Le stelle sono sfere di gas reso incandescente dall’energia derivante dalle reazioni nucleari che avvengono al loro interno, e così è il nostro Sole. Nulla ci è più familiare ed al tempo stesso così indispensabile per la vita, perché fornisce la luce ed il calore senza i quali il pianeta sarebbe inabitabile.
Per i pigmei della foresta pluviale, Khonuum era il dio supremo del cielo e ogni notte, quando il Sole moriva, ne raccoglieva in un sacco i frammenti disseminati (le stelle) e li ricombinava pazientemente a formare il Sole, cosicché esso potesse ricomparire la mattina seguente.
I Boscimani ritengono che la notte non sia freddo solo per loro, ma anche per il Sole, descritto come un vecchio dormiglione che vive solitario in una capanna isolata. Così, per proteggersi dal freddo, si tira addosso la sua coperta per stare caldo, ma la coperta è vecchia quanto lui ed è piena di buchi. È per questo che l’oscurità della notte è rotta dalla luce che filtra attraverso i buchi della coperta, le stelle.
Non essendo solido, ma una sfera fluida formata da idrogeno ed elio, la velocità di rotazione del Sole intorno al proprio asse è diseguale alle varie latitudini, così che normalmente si considera la velocità all’equatore, la quale si approssima ai 25 giorni. Il diametro è di circa 1,4 milioni di chilometri, la massa è 330.000 volte quella della Terra con una densità che è 1/4 di quella terrestre ed una forza di gravità 28 volte superiore a quella sulla Terra. Il colore delle stelle ci dà indicazioni riguardo alla temperatura della parte più esterna, cioè quella che vediamo, della stella stessa. Si va dalle stelle bianco-azzurre, con temperature tra i 30.000 ed i 60.000 gradi, alle stelle rossastre con temperature inferiori ai 3.000. Il nostro Sole è una stella bianco-gialla con una temperatura esterna di circa 6.000 gradi ed una temperatura interna valutata intorno ai 15.000.000 gradi.
Il Sole ha una posizione chiave in vari miti, nelle culture di tutto il mondo, pare infatti che, benché non fosse a conoscenza della fotosintesi clorofilliana o del ciclo dell’acqua o di molte altre cose, l’uomo intuitivamente comprese subito che quel disco splendente era dispensatore di vita ma anche di morte.
Con nomi diversissimi si invocava il dio Sole perché scacciasse le tenebre (anche in un’accezione figurata).
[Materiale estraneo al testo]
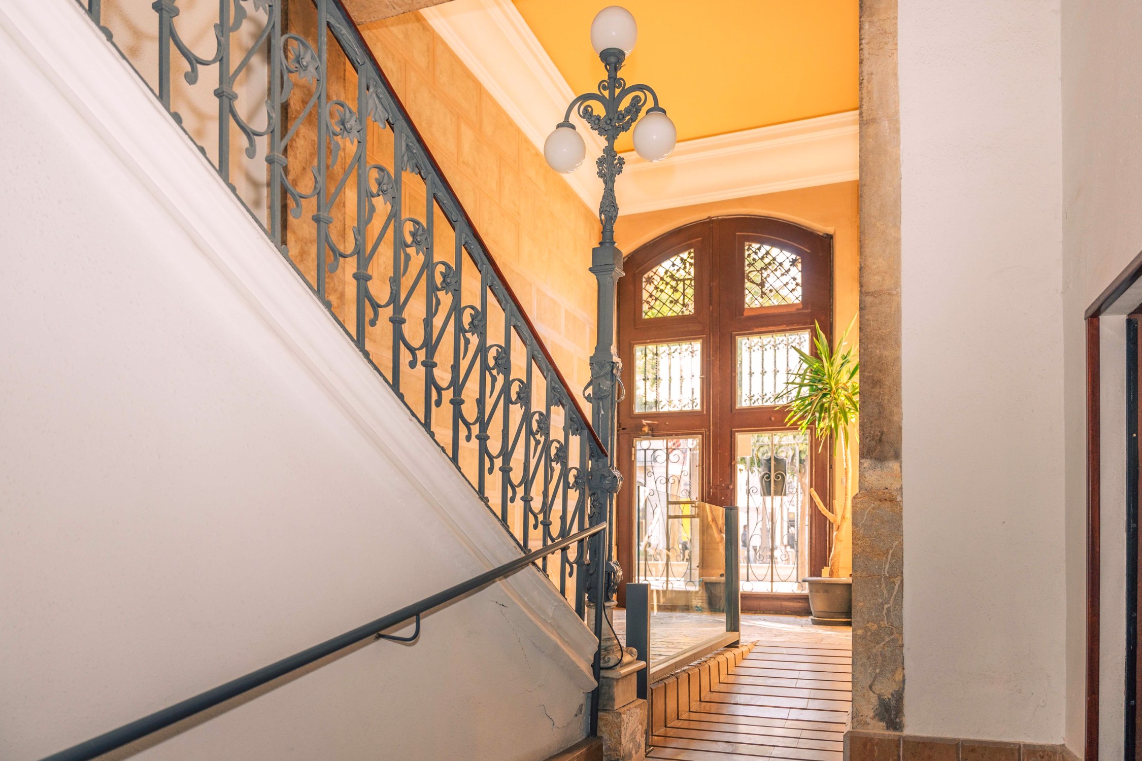 Mestský palác ponúka variabilné využitie pri vertikálnom členení: - Prízemie a medziposchodie (Mezanín): Na prízemí sa nachádza obchodný priestor so samostatným vstupom z bočnej ulice (Calle Girona). Priestor je možné prepojiť s medziposchodím, čo umožňuje komfortné komerčné využitie, galériu alebo reprezentatívne sídlo firmy.

Nei testi babilonesi il Sole è chiamato: «Colui che illumina il buio e rischiara il cielo, che in alto e in basso annienta il male, che tutti i principi si rallegrano nel contemplare e che tutti gli dei acclamano».
È certamente più semplice dire “Sole”!
In molte popolazioni, come quelle dedite alla navigazione, il Sole aveva anche un aspetto molto pratico, pensiamo solo ai Vichinghi, straordinari viaggiatori per mare. Non essendo dotati di bussola, avevano ugualmente trovato il sistema per orientarsi, malgrado il cielo fosse coperto per la maggior parte dell’anno: osservavano il cielo diurno, offuscato dalle nubi o dalle nebbie, attraverso il cristallo di una varietà particolare di calcite, denominata Spato d’Islanda, dotata di particolari proprietà ottiche di polarizzazione della luce. Sebbene i Vichinghi non avessero un animo molto sognatore ma al contrario fossero molto concreti, usavano onorare la nostra stella danzando nei cosiddetti “cerchi del Sole”, ma non furono i soli. In tutto il mondo si possono ritrovare costruzioni più o meno complesse, utilizzate per individuare i periodi più propizi per affrontare i lavori nei campi o altri momenti vitali e magari per celebrare rituali. Pensiamo ai complessi megalitici (dal greco megas = grande, e lithos = pietra) cioè le strutture preistoriche costituite da grandi rocce solitarie (allora chiamati “menhir”), o pietroni disposti a formare una camera (come i “dolmen” o come il sepolcro di Newgrange) o pietre verticali allineate (come a Carnac), o disposte a cerchio (come a Stonehenge e ad Avebury, i cosiddetti “cromlech”). La maggior parte di queste strutture si trova in Europa e sono state edificate a partire dal tardo Neolitico, ma complessi del genere sorgono anche in India, in Giappone, in Africa Occidentale.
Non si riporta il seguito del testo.